TASK DIRECTIONS: An exact restatement of all the data is required, with the pictures left out.

GIVEN INFORMATION:
+===+

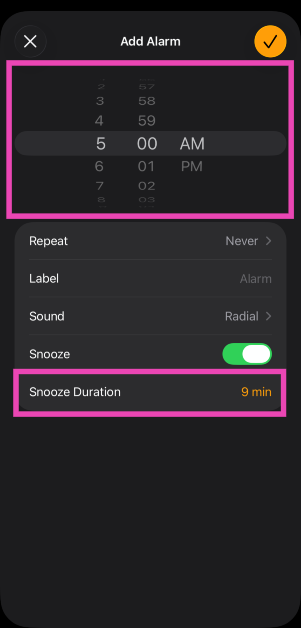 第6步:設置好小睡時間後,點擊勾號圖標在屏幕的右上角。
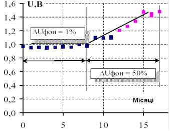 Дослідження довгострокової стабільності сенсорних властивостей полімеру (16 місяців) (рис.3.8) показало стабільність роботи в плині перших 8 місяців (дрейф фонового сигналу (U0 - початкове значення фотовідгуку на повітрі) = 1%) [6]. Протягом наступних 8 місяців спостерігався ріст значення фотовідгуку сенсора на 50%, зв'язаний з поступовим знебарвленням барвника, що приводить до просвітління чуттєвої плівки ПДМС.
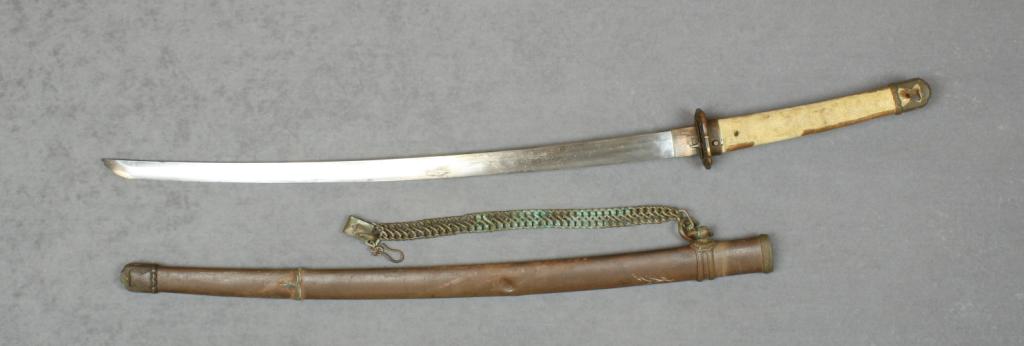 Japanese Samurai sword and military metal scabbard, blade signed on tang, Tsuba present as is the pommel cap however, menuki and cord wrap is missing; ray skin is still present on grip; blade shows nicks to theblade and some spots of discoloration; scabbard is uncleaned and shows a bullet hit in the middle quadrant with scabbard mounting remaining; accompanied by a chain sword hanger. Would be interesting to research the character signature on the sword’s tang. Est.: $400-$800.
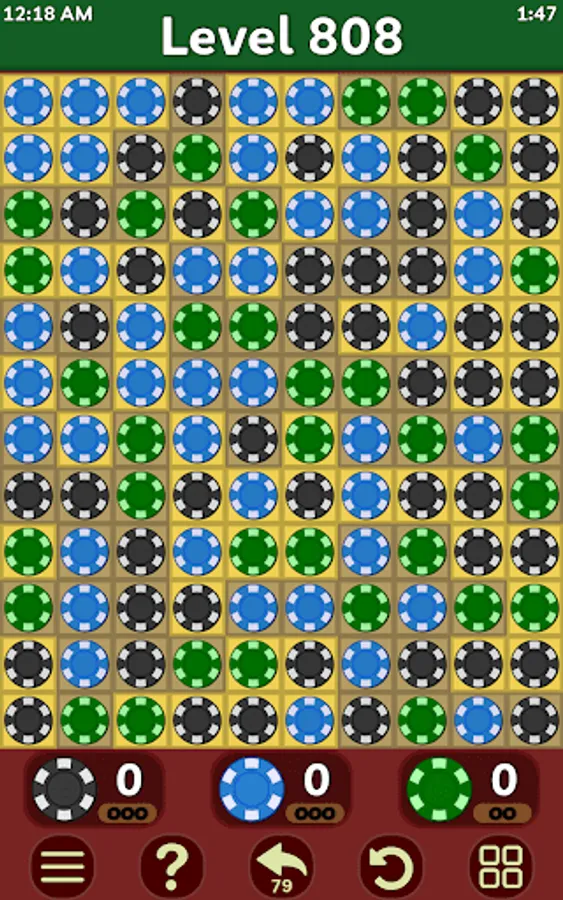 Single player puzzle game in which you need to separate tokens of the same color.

+===+

ANSWER FOR THE TASK:
 第6步:設置好小睡時間後,點擊勾號圖標在屏幕的右上角。
 Дослідження довгострокової стабільності сенсорних властивостей полімеру (16 місяців) (рис.3.8) показало стабільність роботи в плині перших 8 місяців (дрейф фонового сигналу (U0 - початкове значення фотовідгуку на повітрі) = 1%) [6]. Протягом наступних 8 місяців спостерігався ріст значення фотовідгуку сенсора на 50%, зв'язаний з поступовим знебарвленням барвника, що приводить до просвітління чуттєвої плівки ПДМС.
 Japanese Samurai sword and military metal scabbard, blade signed on tang, Tsuba present as is the pommel cap however, menuki and cord wrap is missing; ray skin is still present on grip; blade shows nicks to theblade and some spots of discoloration; scabbard is uncleaned and shows a bullet hit in the middle quadrant with scabbard mounting remaining; accompanied by a chain sword hanger. Would be interesting to research the character signature on the sword’s tang. Est.: $400-$800.
 Single player puzzle game in which you need to separate tokens of the same color.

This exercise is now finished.